= Directions for this task =
Once the line with "学校环境优美、设施一流、师资" is found in the data, output it and each following line exactly, up to and including the line with "รถไฟฟ้าทะลุตีต", and nothing before or after.

= Data to process =
- - - -

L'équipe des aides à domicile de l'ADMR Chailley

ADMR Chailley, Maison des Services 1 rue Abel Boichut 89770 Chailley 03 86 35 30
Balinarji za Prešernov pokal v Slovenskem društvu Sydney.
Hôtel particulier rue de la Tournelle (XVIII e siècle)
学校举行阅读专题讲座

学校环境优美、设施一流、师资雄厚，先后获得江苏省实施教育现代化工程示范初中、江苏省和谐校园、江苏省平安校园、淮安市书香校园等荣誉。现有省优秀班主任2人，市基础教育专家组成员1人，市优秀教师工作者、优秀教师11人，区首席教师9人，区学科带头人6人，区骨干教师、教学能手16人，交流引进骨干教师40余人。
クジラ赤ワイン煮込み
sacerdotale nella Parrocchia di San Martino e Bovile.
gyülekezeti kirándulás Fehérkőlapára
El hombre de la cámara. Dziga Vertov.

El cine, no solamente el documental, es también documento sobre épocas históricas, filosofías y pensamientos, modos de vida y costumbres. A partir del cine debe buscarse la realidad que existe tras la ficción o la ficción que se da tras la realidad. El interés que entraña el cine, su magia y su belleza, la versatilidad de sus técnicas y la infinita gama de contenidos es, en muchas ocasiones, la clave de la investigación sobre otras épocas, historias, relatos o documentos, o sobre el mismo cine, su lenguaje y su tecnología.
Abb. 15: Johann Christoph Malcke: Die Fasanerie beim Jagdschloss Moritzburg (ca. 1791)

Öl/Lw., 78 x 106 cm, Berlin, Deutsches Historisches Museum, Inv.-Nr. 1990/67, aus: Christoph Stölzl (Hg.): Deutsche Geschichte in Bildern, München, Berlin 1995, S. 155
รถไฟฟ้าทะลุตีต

- - - -

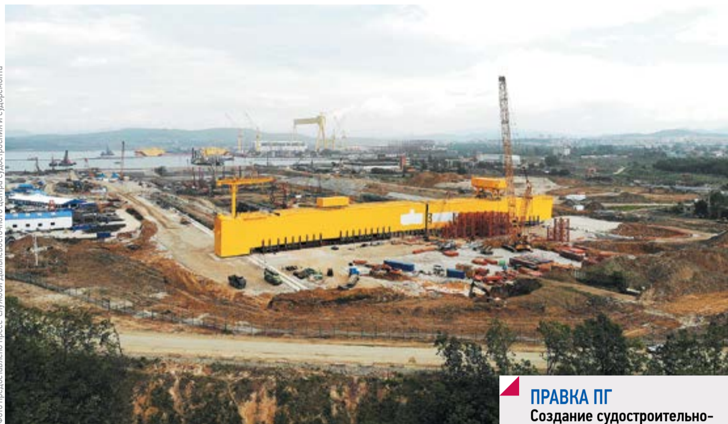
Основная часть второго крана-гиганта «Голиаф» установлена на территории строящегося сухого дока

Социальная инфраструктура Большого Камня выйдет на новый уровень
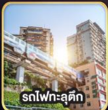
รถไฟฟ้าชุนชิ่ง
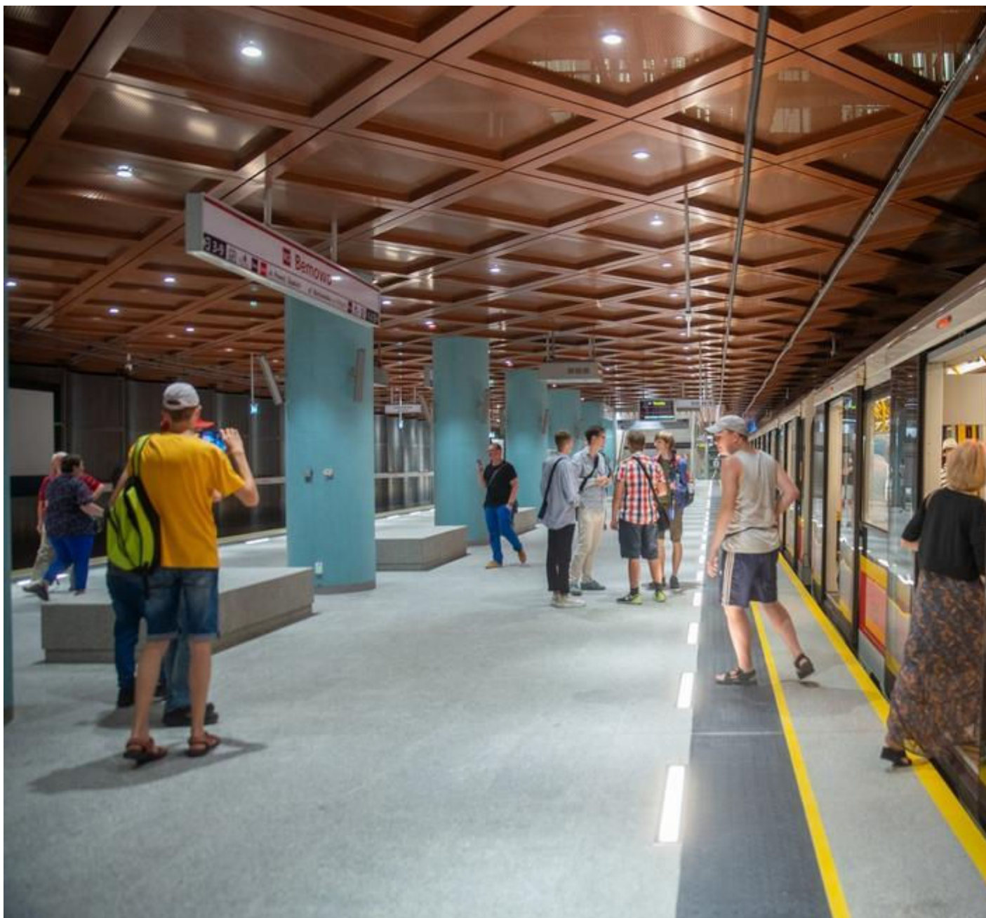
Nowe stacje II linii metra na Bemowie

- - - -

= Result of this task =
学校环境优美、设施一流、师资雄厚，先后获得江苏省实施教育现代化工程示范初中、江苏省和谐校园、江苏省平安校园、淮安市书香校园等荣誉。现有省优秀班主任2人，市基础教育专家组成员1人，市优秀教师工作者、优秀教师11人，区首席教师9人，区学科带头人6人，区骨干教师、教学能手16人，交流引进骨干教师40余人。
クジラ赤ワイン煮込み
sacerdotale nella Parrocchia di San Martino e Bovile.
gyülekezeti kirándulás Fehérkőlapára
El hombre de la cámara. Dziga Vertov.

El cine, no solamente el documental, es también documento sobre épocas históricas, filosofías y pensamientos, modos de vida y costumbres. A partir del cine debe buscarse la realidad que existe tras la ficción o la ficción que se da tras la realidad. El interés que entraña el cine, su magia y su belleza, la versatilidad de sus técnicas y la infinita gama de contenidos es, en muchas ocasiones, la clave de la investigación sobre otras épocas, historias, relatos o documentos, o sobre el mismo cine, su lenguaje y su tecnología.
Abb. 15: Johann Christoph Malcke: Die Fasanerie beim Jagdschloss Moritzburg (ca. 1791)

Öl/Lw., 78 x 106 cm, Berlin, Deutsches Historisches Museum, Inv.-Nr. 1990/67, aus: Christoph Stölzl (Hg.): Deutsche Geschichte in Bildern, München, Berlin 1995, S. 155
รถไฟฟ้าทะลุตีต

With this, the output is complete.